Elder financial abuse is the taking or assisting in taking an elder’s property for wrongful use or with the intent to defraud or by undue influence. Unfortunately, as the population of seniors continues to grow, there has been a corresponding increase in elder financial abuse. The perpetrators can be predatory friends, relatives, neighbors, caregivers or scam artists. Elder financial abuse is devastating to its victims and is frequently unreported or underreported.

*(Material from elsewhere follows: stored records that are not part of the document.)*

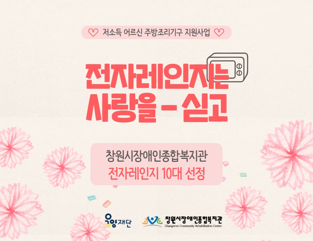 안녕하세요 :)창원시장애인종합복지관에서는 이용자분들을 지원하기 위한 다양한 공모사업에 도전하고 있는데요 !우양재단에서 지원하는 "저소득 어르신 주방조리기구(전자레인지) 지원사업" 에 우리 복지관이 최종 선정 되었다는 소식을 알려드립니다 :) 전자레인지가 없거나, 노후된 전자레인지를 사용하여 안전이 염려되었던 노인 장애인 분들이조금이라도 안전한 방법으로 따뜻...
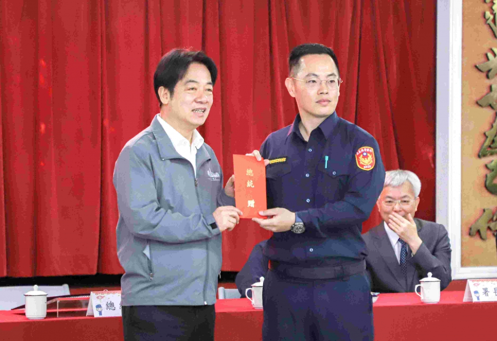 賴總統說,行政院長卓榮泰已核定警察同仁加油打氣最實際行動,調整警察人員警勤加給表,調高刑事加成及勤務繁重加成,如果立法院通過,3月1日就可以生效實施,全國警察同仁大約6萬人受惠。
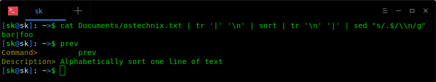 $ cat Documents/ostechnix.txt | tr '|' '\n' | sort | tr '\n' '|' | sed "s/.$/\\n/g"
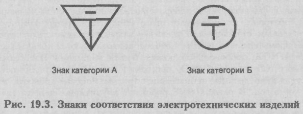 По некоторым видам продукции в законах вводятся категории, характеризующие степень их опасности для пользователя. Например, для электротехнических изделий установлены категории А и Б. Для категорий используют разные схемы сертификации и знаки соответствия (рис. 19.3).
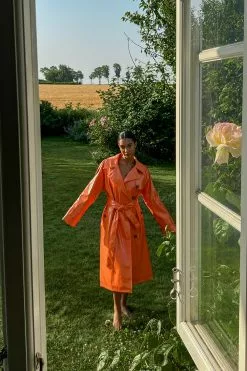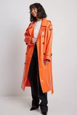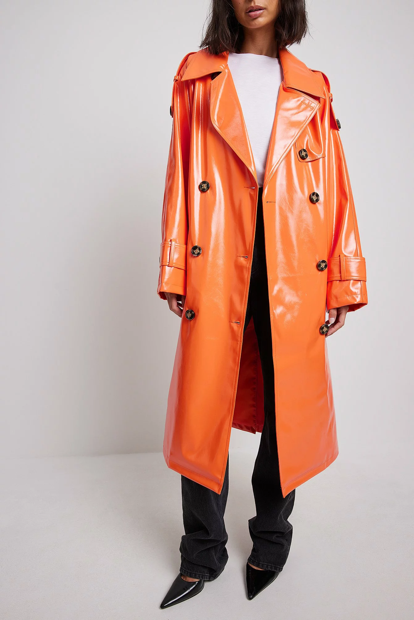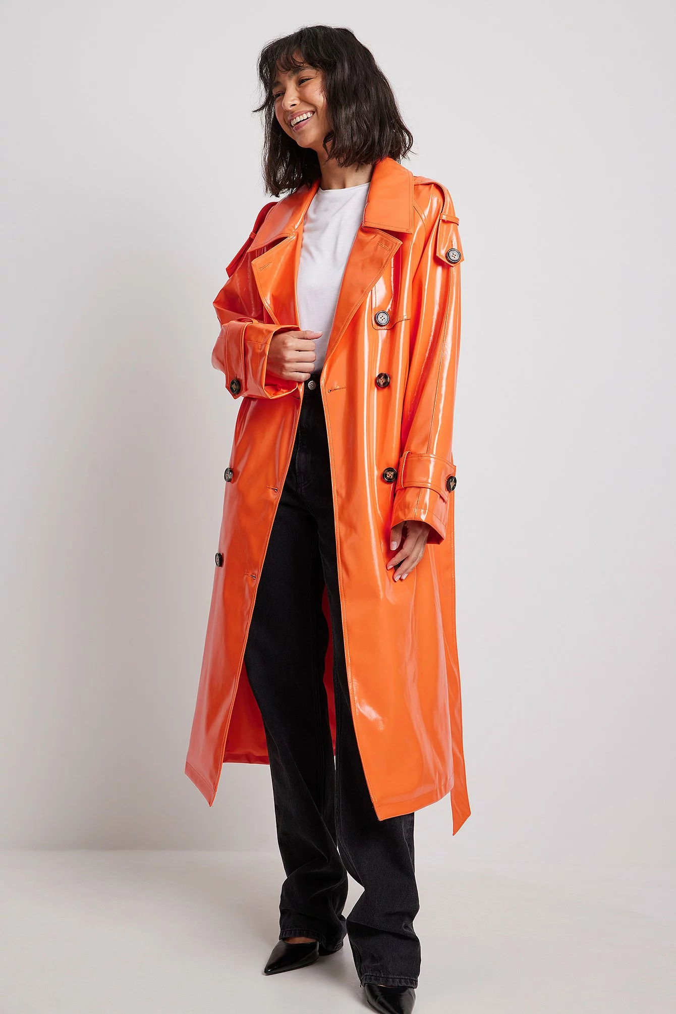 This trenchcoat features a shiny material, a long fit, a lapel neckline, long sleeves, a button closure, a belt tie and belts on each sleeve.
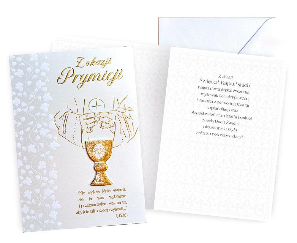 Kartka B6 z ozdobnej serii Dream Cards na prymicję - nieduża, ale robi wrażenie dzięki atrakcyjnej kolorystyce i ciekawym zdobieniom. To idealny wybór łączący przyjazną cenę z jakością. Cechy szczególne: wielkość: B6, 16.6 x 11.7 cm po złożeniu, koperta: w zestawie, zdobienia: kolorowe, różnorodne, bogate (w zależności od wzoru: przyklejane dekoracje, elementy biżuteryjne, odstawniki, brokat metaliczne folie, tłoczenia itp.), okazja: prymicja

As set forth in my article Undue Influence Defined: New Statutory Definition and Recent Case Law, undue influence is a particularly insidious form of financial elder abuse. Significantly, undue influence doesn’t necessarily go hand in hand with lack of mental capacity; one can be unduly influenced while still retaining capacity. The vulnerability of the victim is central to undue influence, as well as the apparent authority of the influencer and the use of manipulation.

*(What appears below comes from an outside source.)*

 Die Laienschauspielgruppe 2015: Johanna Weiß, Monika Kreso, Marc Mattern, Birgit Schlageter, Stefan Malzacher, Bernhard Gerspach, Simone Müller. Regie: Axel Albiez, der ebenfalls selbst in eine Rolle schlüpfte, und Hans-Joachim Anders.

Many elders do not have significant cognitive impairment, yet are still highly susceptible to undue influence and being taken advantage of by someone they trust. Some common examples of undue influence are when a family member, friend or caregiver convinces an elderly adult to change a trust or will in his/her favor or when a financial power of attorney mishandles the financial affairs of a senior, taking assets out of the elder’s estate and putting them in the individual’s own name.
Attorneys need to determine if their clients are free of undue influence in matters such as powers of attorney, trusts, wills, testamentary gifts and validity of deeds, all of which, when contested, may involve allegations of undue influence. These should be important considerations for both litigation attorneys and drafting attorneys.
As a financial elder abuse attorney with significant expertise, I have successfully taken legal action in many such cases to both stop the abuse and obtain recovery.